O gabinete de guerra do primeiro-ministro, Benjamin Netanyahu, aprovou inicialmente planos para um ataque na noite de segunda-feira dentro do território iraniano, para responder vigorosamente aos mísseis e drones do Irão no sábado passado, mas recuou no último minuto, segundo três fontes com conhecimento da situação.

Nessa altura, disseram as fontes, os três membros votantes do gabinete de guerra de Israel já tinham descartado a resposta mais drástica - um ataque a locais estratégicos, incluindo as instalações nucleares do Irão, cuja destruição provocaria quase certamente um conflito regional mais amplo.

Enfrentando divisões internas e fortes avisos de parceiros, incluindo os Estados Unidos da América e no Golfo, para não escalar, e conscientes da necessidade de manter a opinião internacional do lado de Israel, os planos de contra-ataque foram adiados duas vezes, disseram as mesmas fontes. Duas reuniões do gabinete de guerra também foram adiadas duas vezes, segundo autoridades do governo.

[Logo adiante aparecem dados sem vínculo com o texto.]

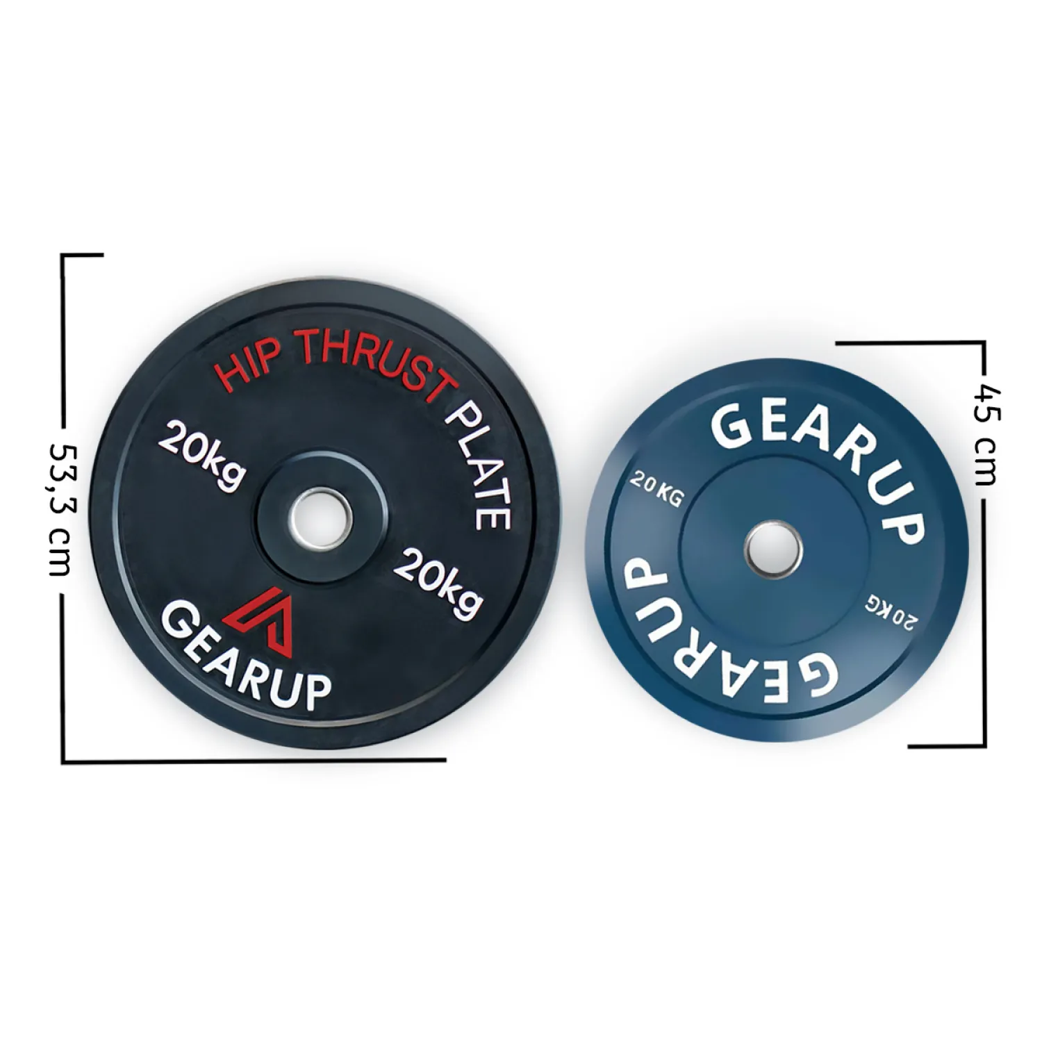 Το GearUp Hip Thrust Plate των 20kg έχει σχεδιαστεί ειδικά για να διευκολύνει την τοποθέτηση της μπάρας κατά την εκτέλεση hip thrusts, παρέχοντας μέγιστη άνεση και λειτουργικότητα στην προπόνηση. Με διάμετρο 53 εκ., το συγκεκριμένο plate είναι μεγαλύτερο από τους κλασικούς ολυμπιακών προδιαγραφών δίσκους (45 εκ.), προσφέροντας τη δυνατότητα εύκολης κύλισης της μπάρας πάνω από τα πόδια χωρίς τη χρήση βοηθητικών αντικειμένων.

O gabinete de Netanyahu não respondeu aos pedidos de comentários. Antes do ataque, um porta-voz da Direção Nacional de Diplomacia Pública do governo citou Netanyahu, dizendo que Israel se defenderia da forma que considerasse apropriada.

A Reuters conversou com mais de uma dúzia de fontes em Israel, no Irão e na região do Golfo, bem como nos Estados Unidos, que descreveram seis dias frenéticos de esforços no Golfo, nos EUA e entre alguns dos responsáveis de guerra de Israel para limitar a resposta ao primeiro ataque direto do Irão ao arquirrival, após décadas de guerra nas sombras.

"Alertamos contra o grave perigo inerente a uma nova escalada", afirmou à Reuters o ministro das Relações Exteriores da Jordânia, Ayman Safadi, dizendo que um conflito regional mais amplo teria consequências catastróficas e poderia desviar a atenção global da guerra de Israel na Faixa de Gaza.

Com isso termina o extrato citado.